Макс неспешно одевает пальто. Агарес запоздало пытается проявить вежливость и помочь даме с верхней одеждой. Макс, в ужасе отшатнувшись, пытается избежать прикосновений его рук с посиневшими и облезлыми кончиками пальцев и внезапно заходится истеричным смехом.
– Ну надо же… боюсь себе подобных.
Но в ответ мисс Стич наталкивается все на тот же холодный, ничего не выражающий взгляд и замолкает.
Агарес едва заметным жестом указывает спутнице на выход, и сам не отстает ни на шаг. Это уже больше напоминает конвой. Напротив парадного входа, через дорогу, их ожидает экипаж, припаркованный у обочины.
Лицо извозчика, сидящего на “козлах” черной повозки с занавешенными окошками, скрыто под шляпой с обширными полями, и разглядеть издали его практически невозможно. Но когда Макс приближается, то видит, что поверх глаз возницы повязан обрывок грязной ткани. Глаза двух белых, тощих лошадей, запряженных в повозку, не слишком плотно прикрыты черными пластинами – шорами, и кажется, будто под ними на этом месте зияют провалы пустых глазниц.
Макс нервно вздрагивает и, резко развернувшись, пытается сбежать. Но ее плечи обхватывают руки Агареса. Физическая сила заместителя директора даже превышает ее собственную, Макс шипит от досады и уступает. Мысленно обозвав карету “экипаж смерти”, женщина безропотно бредет к ней, словно на казнь. А она-то наивно полагала, что в новой жизни обретет свободу и будет предоставлена сама себе.

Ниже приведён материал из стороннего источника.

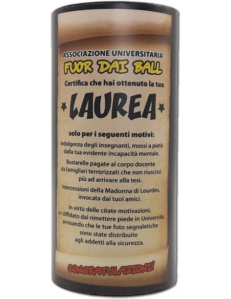Confezione: Tubo in cartone con divertente adesivo sulle incredibili motivazioni inventate per il conseguimento della Laurea
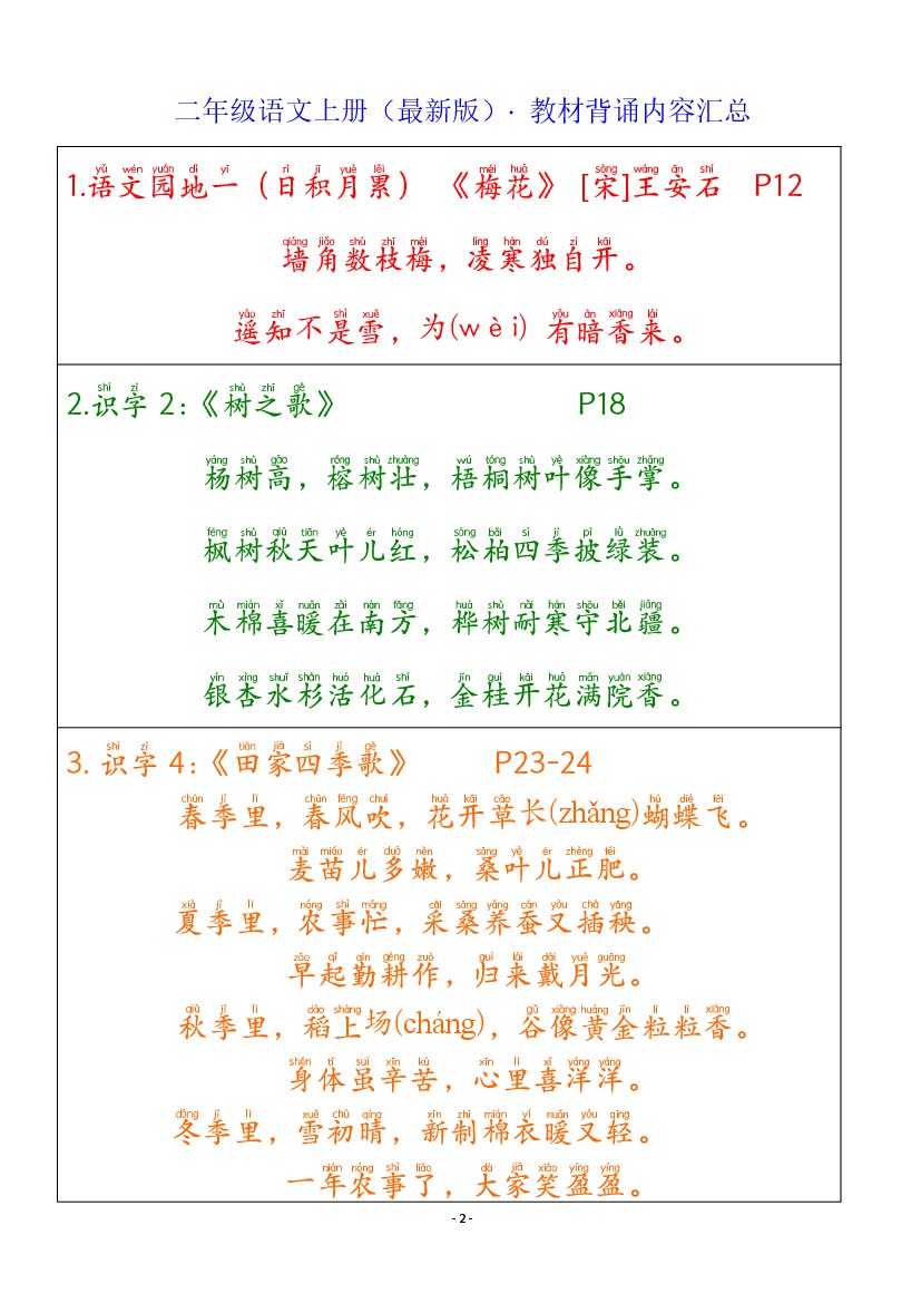 小学 25新版二上语文·教材必背知识点汇总+打卡+检验
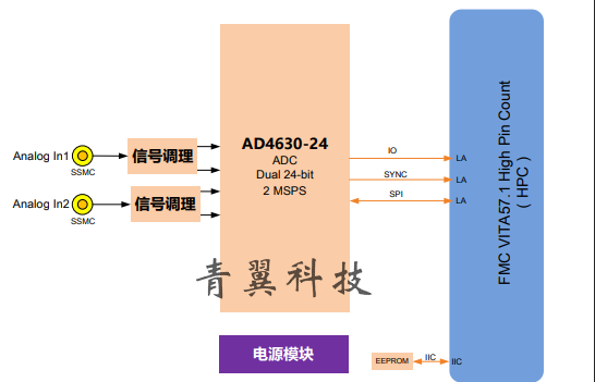 FMC119 是一款基于 VITA57.1 标准规范,实现 2 路 24-bit、 2MSPS 采样率的 AD 采集子卡模块。该模块遵循 VITA57.1 标准,可 作为一个理想的模块直接与符合 VITA57.1 标准的 FPGA 载板配合使 用,板卡 ADC 器件采用 ADI 公司的 AD4630-24 芯片。
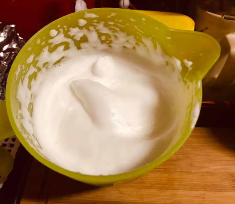 É verdade, eu sei que parece impossível, mas a aquafava batida com a batedeira fica como as claras de ovo batidas em castelo.
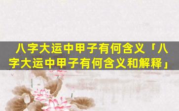 甲子大运是八字大运的一种,指出生时天干为甲、地支为子 🐱 的流年运势。
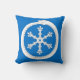 "Azure, un flocon de neige, un environnement d'un serpent en annulo vorant de sa propre queue argent." Le dos du coussin est un motif médiéval qui coordonne les couleurs.
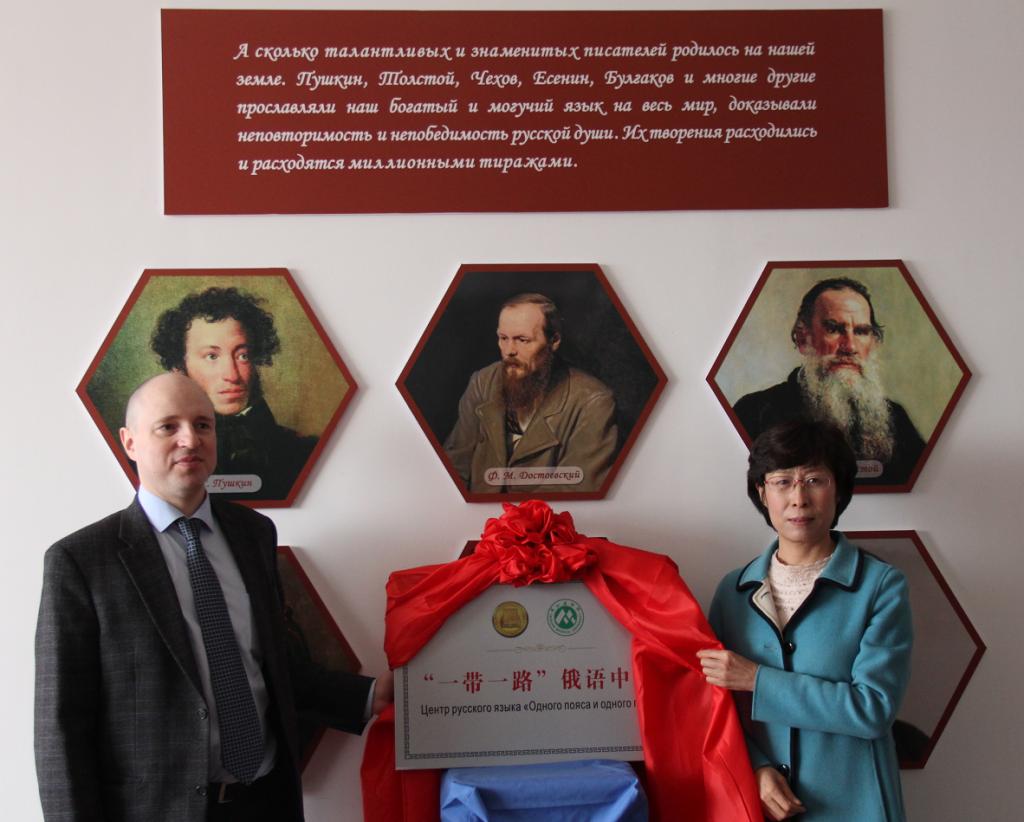 3月21日,受公司邀请,莫斯科州国立大学国际合作处处长尤金•阿列克谢教授一行4人访问公司,副经理徐淑凤热情会见了客人,并参加了 “一带一路”俄语中心揭牌仪式。

Их ожидают. За темной занавеской отчетливо проступают очертания мужского силуэта. Того, кто находился в экипаже, Макс еще не может разглядеть. Но его присутствие отзывается ощущением тумана в сознании, болезненной тяжестью и шумом в голове, напоминающим тихий, назойливый шепот.
Экипаж нагоняет жути, но страшнее всего сейчас столкнуться с тем, кто находится внутри. Карета оказывается пуста. Неужели спутник Агареса был лишь плодом разыгравшегося воображения? Макс готова поклясться, что пару секунд назад, до того, как перед ней распахнулась дверца экипажа, внутри отчетливо виднелся темный мужской силуэт.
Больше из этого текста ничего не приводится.